You will never reuse this stuff. You will discover it decades later, wreathed in mouse droppings. You will consider hiring a ringer from the rest home for troubled cats.

6) Worrying that the airplane will crash and you will die.

A: Drugs.

7) Blogging.


Phooey.

Wednesday, April 1, 2009

Silent Spring

I've been shutting up a lot, lately. There's more to hear, if you close your mouth, and you never have to worry about what to say. Instead you sit with the silences. They are golden and contented and fluffy; they overrun your ears. The more I shut up, the more I like it, and I've decided to take a big step. Next year, instead of continuing with my job, I'm going to spend a couple of months on silent retreat at a monastery in the southern part of Indiana. I'm not sure what will come of it, but whatever it is, it'll be quiet.

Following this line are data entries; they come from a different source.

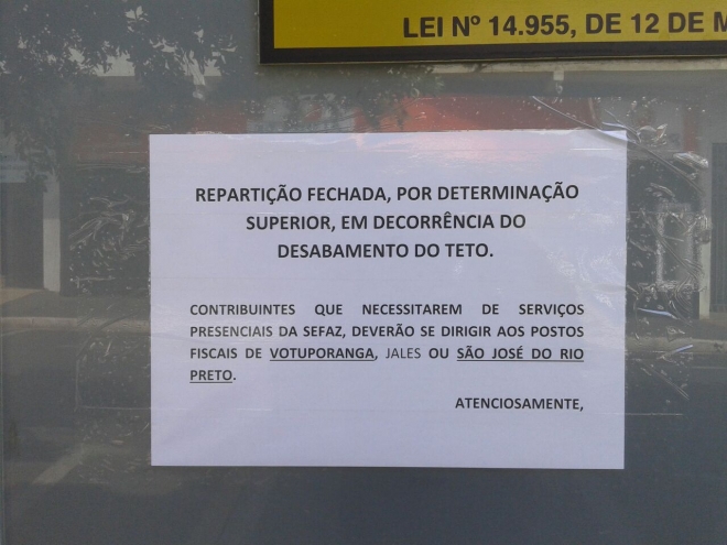 Teto da Secretaria da Fazenda desaba e obriga fechamento da unidade em Fernandópolis
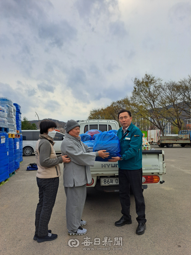 경북 경주 문무대왕면의 천월사(주지 정암)와 신도회, 경주3040희망사다리클럽 회원들은 경북 북동부 산불 피해를 입은 이재민을 돕기 위해 의류 모으기 운동을 펼쳐 모은 옷 1.5톤(t) 가량을 6일 영덕군의회(의장 김성호)를 통해 이재민들에게 전달했다.
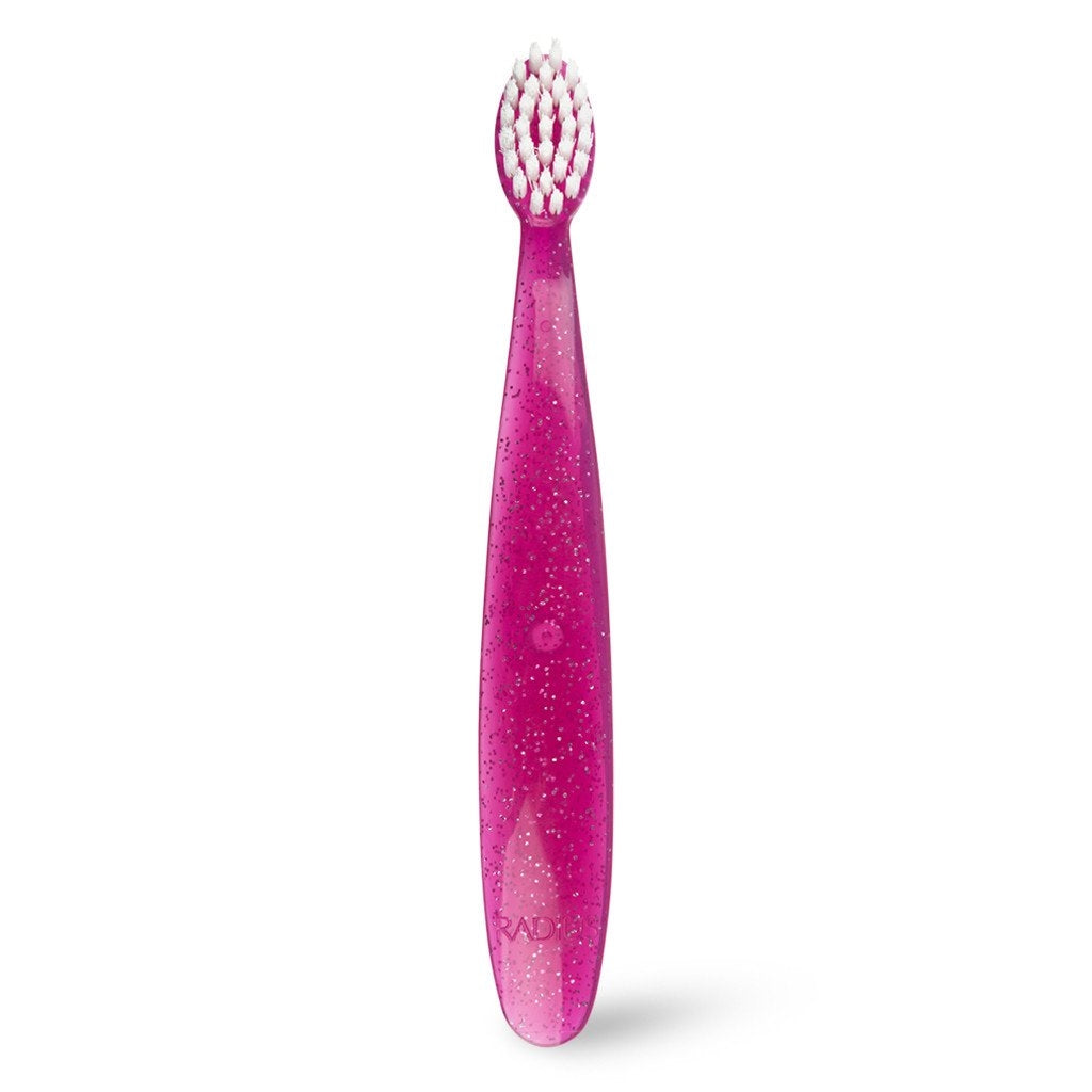 The RADIUS Totz Toothbrush is extra soft and is for children ages 18 months and up. Completely BPA free with 8,000 soft, premium RADIUS bristles. FDA approved.
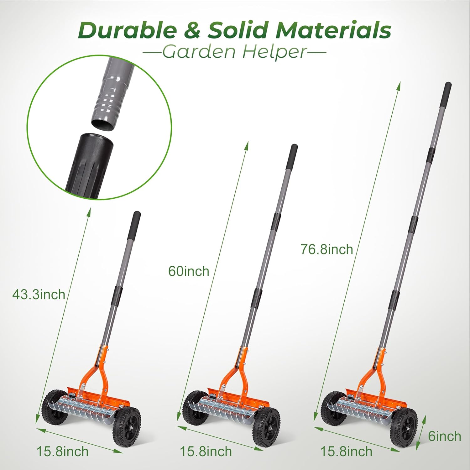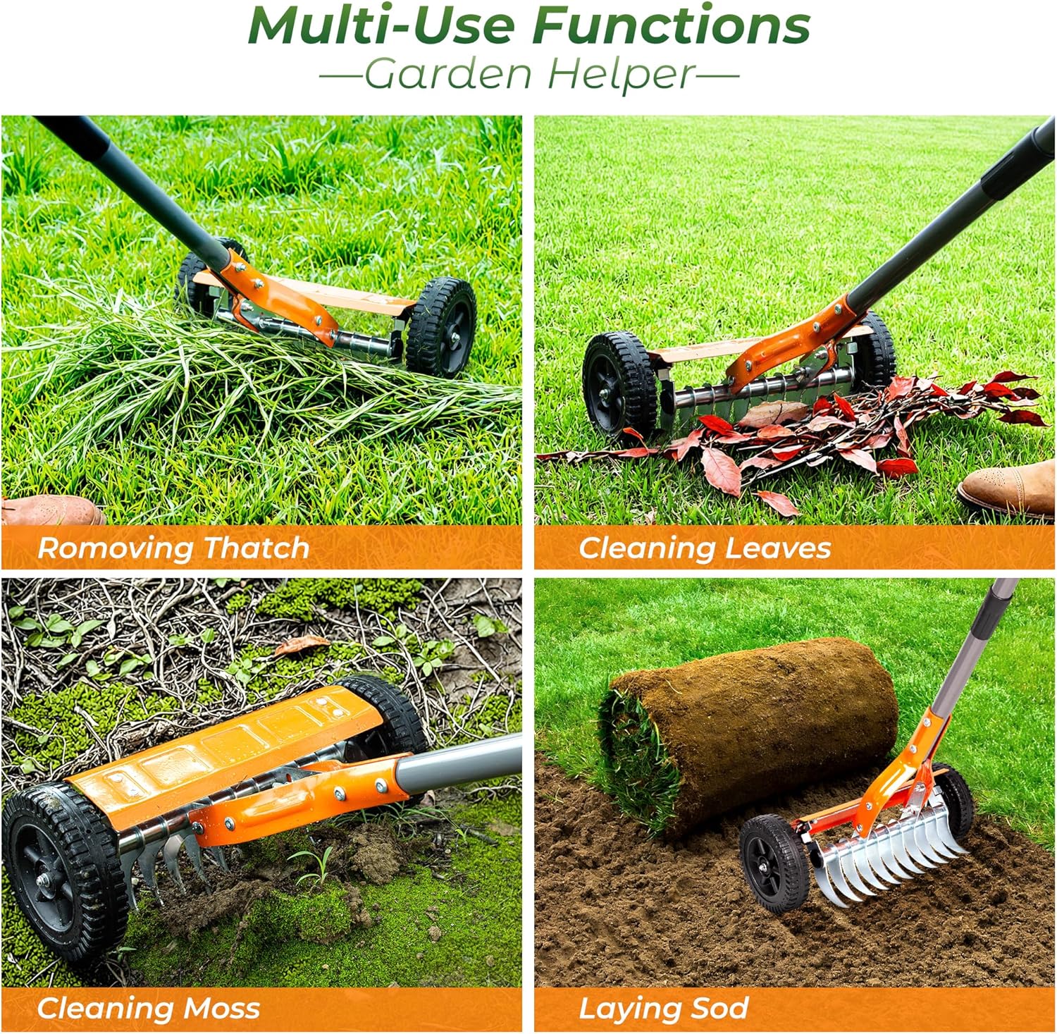 - Labor-Saving Dethatcher Rake with Wheels:Unlike traditional manual dethatchers, this rolling thatch rake is equipped with sturdy wheels to reduce resistance and make it easier to push across your lawn.The anti-loosening wheel nuts keep the wheels securely in place, allowing for a smoother, more efficient lawn dethatching experience. Ideal for anyone looking for a reliable manual dethatcher that’s easy to use on various terrain types.

So there's the plan. After sitting on it a while, I decided I needed to share it with you today. Today, April 1, 2009.

OK, OK, that was a cheap stunt. It was cheap because April Fools is a cheap holiday, a cheating holiday, a boyfriend who picks a half-dead bouquet of flowers out of the trash and tells you he picked them himself. I detest April Fools. It joins a lengthy list of holidays that disagree with me: I'm a picky celebrator. Why celebrate Halloween when life is scary enough? Why celebrate Valentine's Day when love should be a year-round proposition? And why celebrate having the wool pulled over your eyes when deception is everywhere?

It's scary, being deceived. You feel as if a trap door has opened in the floor of the universe and you've fallen through into the dark. You thought the lane was empty. You thought he was your friend. You thought if you did everything right, if you tried your best and were kind-hearted and industrious and careful and said I love you, it would all be OK. A friend of mine recently ended a relationship in part because her partner had been withholding information. She said afterwards she felt literally shaken, as if the whole of her past, her present, and her future had been seized and jostled until it broke.

So why, in God's name, do we dedicate a day to the wholesale bamboozling of others? I'd guess it's for the same reason we buy false fangs and bite each others' necks come October. If you name your fear, if you engage it head on, it loses power.

See you in the refectory. Wave; don't speak.